## What the task asks
Leave the pictures out, and transcribe the material below exactly from the line with "3月9日,维斯塔潘在颁奖仪式上举起奖杯。" to the line with "6. Ein nach", both lines included.

## Records for this exercise
• • • • • • •
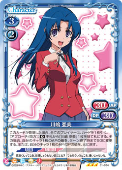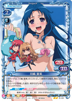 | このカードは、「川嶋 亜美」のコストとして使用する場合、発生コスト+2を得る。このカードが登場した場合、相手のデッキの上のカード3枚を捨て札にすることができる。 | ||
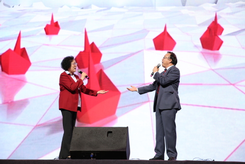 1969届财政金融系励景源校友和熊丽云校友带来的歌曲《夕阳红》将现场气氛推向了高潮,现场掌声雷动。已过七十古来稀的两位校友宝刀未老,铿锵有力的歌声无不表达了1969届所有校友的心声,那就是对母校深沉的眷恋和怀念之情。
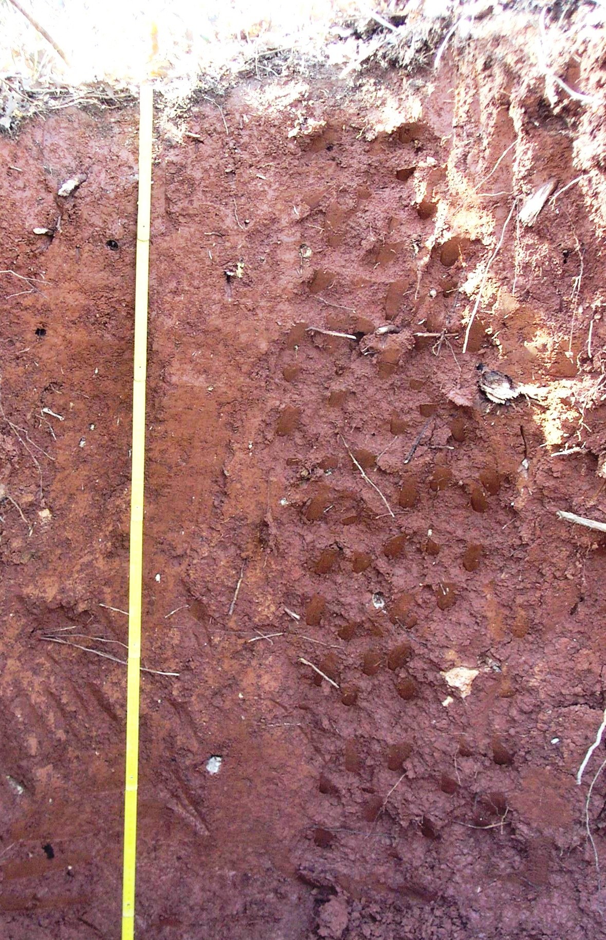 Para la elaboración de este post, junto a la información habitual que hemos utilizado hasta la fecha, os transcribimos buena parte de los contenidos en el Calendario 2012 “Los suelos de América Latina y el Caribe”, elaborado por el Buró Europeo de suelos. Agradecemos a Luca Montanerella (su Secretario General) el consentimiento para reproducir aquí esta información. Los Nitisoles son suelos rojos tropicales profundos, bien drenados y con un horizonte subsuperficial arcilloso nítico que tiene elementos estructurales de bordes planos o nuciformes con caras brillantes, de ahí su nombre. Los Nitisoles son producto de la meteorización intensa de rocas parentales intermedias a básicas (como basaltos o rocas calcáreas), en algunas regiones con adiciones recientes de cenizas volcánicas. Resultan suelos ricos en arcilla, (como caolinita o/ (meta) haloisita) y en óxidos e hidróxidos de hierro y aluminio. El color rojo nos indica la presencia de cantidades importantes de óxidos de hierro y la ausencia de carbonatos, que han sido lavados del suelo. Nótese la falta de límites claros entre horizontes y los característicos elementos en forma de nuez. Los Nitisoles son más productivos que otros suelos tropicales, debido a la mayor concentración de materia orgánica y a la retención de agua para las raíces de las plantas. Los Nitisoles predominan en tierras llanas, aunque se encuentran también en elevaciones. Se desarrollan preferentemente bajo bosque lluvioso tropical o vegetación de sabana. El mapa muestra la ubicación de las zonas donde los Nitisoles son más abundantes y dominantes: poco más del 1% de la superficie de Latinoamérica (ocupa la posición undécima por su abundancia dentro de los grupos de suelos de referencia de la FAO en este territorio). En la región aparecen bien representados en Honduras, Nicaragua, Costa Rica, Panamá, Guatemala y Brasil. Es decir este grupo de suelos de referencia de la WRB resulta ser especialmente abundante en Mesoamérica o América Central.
• • • • • • •
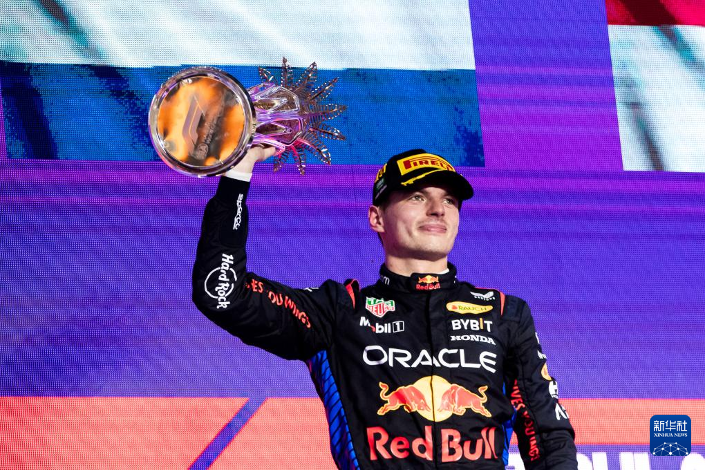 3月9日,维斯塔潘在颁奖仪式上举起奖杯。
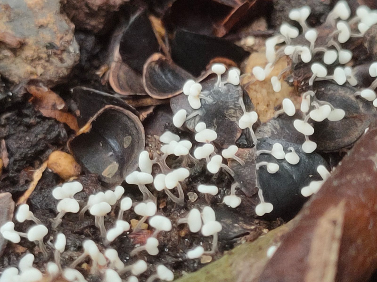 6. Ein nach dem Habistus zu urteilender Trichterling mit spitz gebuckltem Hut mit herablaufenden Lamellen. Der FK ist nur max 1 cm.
• • • • • • •
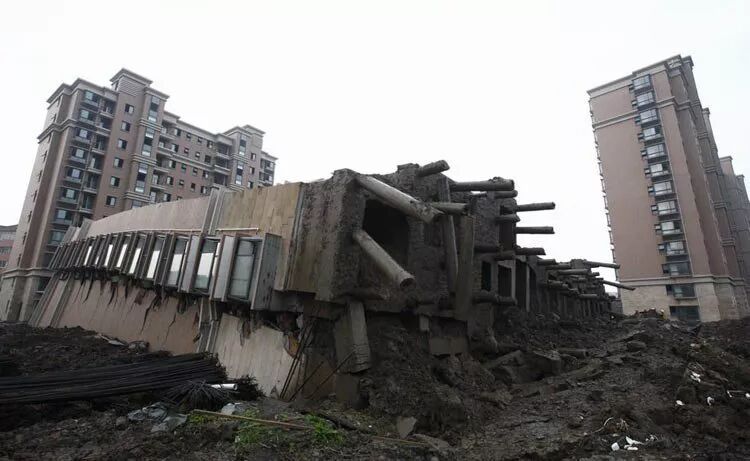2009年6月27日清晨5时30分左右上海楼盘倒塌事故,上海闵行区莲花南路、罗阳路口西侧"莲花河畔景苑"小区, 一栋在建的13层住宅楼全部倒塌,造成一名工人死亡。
• • • • • • •
## Result for this task
 3月9日,维斯塔潘在颁奖仪式上举起奖杯。
 6. Ein nach dem Habistus zu urteilender Trichterling mit spitz gebuckltem Hut mit herablaufenden Lamellen. Der FK ist nur max 1 cm.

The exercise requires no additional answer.